Posted by Jenmoon at 04:40 PM | Comments (3)

I wanna go to this school SO BAD.

Too bad I suck at math, or I could have done this.

Posted by Jenmoon at 04:22 PM | Comments (5)

Celebrate Beaver Day!

Otherwise known as, "We Give Up, You Win" Day.
"From schoolchildren to elected leaders, the sharpest minds in this town of 2,800 have failed to find a way to stop the flooding and the clogged pipes caused by the beavers' single-minded upkeep of their dams and ponds.
So, gracious in defeat, the town celebrates the creatures' perseverance.
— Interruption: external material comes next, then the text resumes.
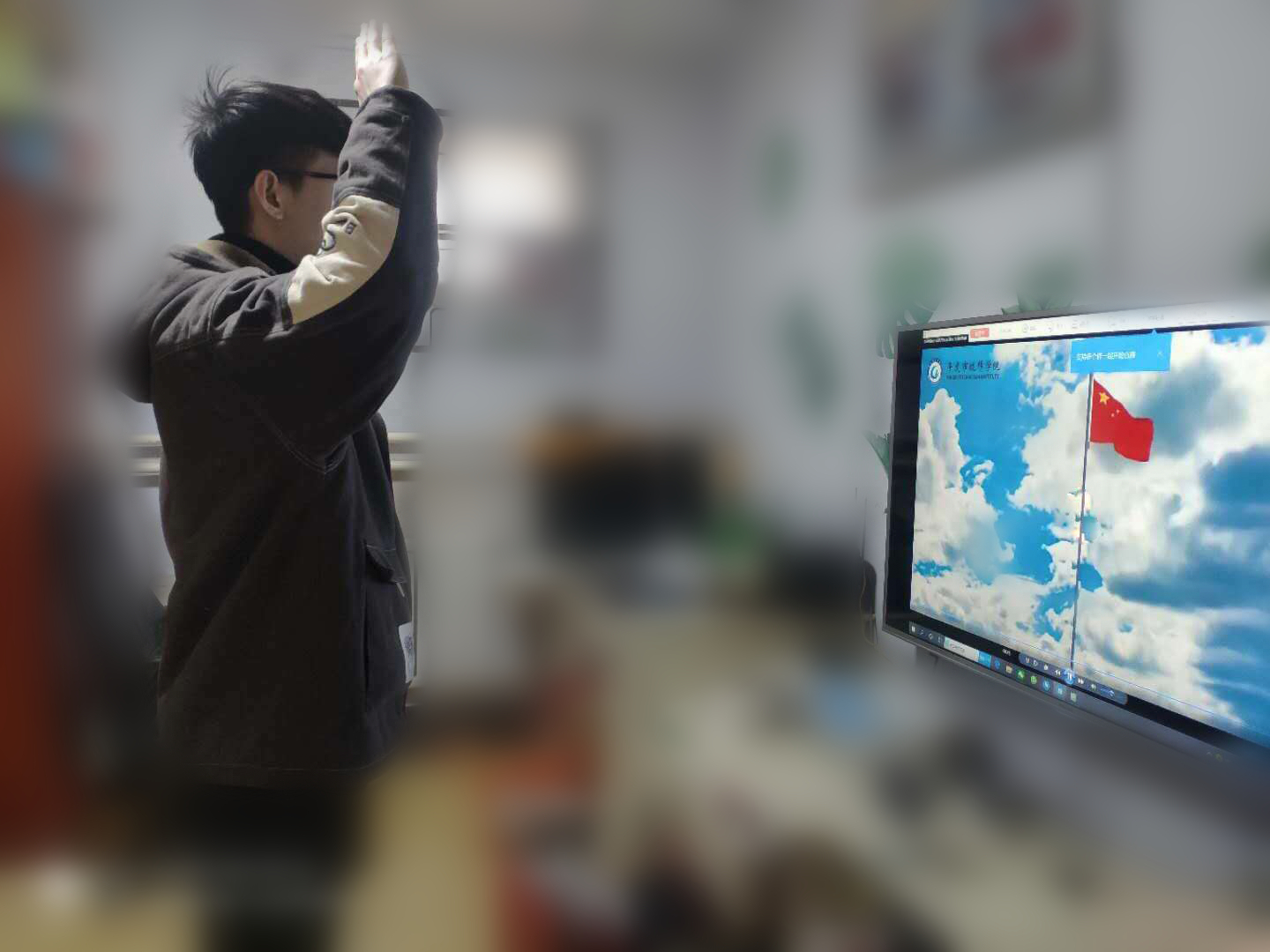 3月2日,在市人社局的指导下,平度市技师学院全校师生“云”端相约,通过网络平台开启了新学期第一课。上午8时,平度市技师学院师生通过电脑、平板、手机等隔空相聚,当《义勇军进行曲》奏响的那一瞬间,大家面向屏幕中冉冉升起的五星红旗,肃立行礼,以一种特殊方式,共同开启2020年春季学期的新篇章。副院长李孟磊通过网络为全院师生上了一堂以“战胜疫情技能报国”为主题的开学第一课。李院长以疫情时期珍爱生命、有所作为为切入点,希望同学们树立以技能报国的远大理想,培养正确的世界观、人生观、价值观,做一个心存敬畏、知晓感恩、刚毅坚卓,有责任、有担当的学子。

It plans to hold its first-ever Beaver Day on Saturday.
The resolution designates the beaver the town's official animal and gives the mayor the authority to proclaim an annual Knowlton Township Beaver Day, "at which time the deputy mayor shall dress in the likeness of a beaver during all official functions."
The inaugural Beaver Day falls the same day as the deputy mayor's wedding. Van Horn, who will perform the ceremony, waived the costume requirement this year."
(Damn. I wanna see someone get married in a beaver suit.)
"Beaver Day was timed for the longest day of the year to give the oversized rodents as much time as possible to enjoy themselves.
"But now we found out they're nocturnal," the mayor says with a sigh. He may schedule future Beaver Days accordingly."
(Ah, the irony. Though you'd think they might have figured this out after all these years, eh?)

Posted by Jenmoon at 04:18 PM | Comments (3)

All right!

Paul the Butler's getting a gig on One Life To Live!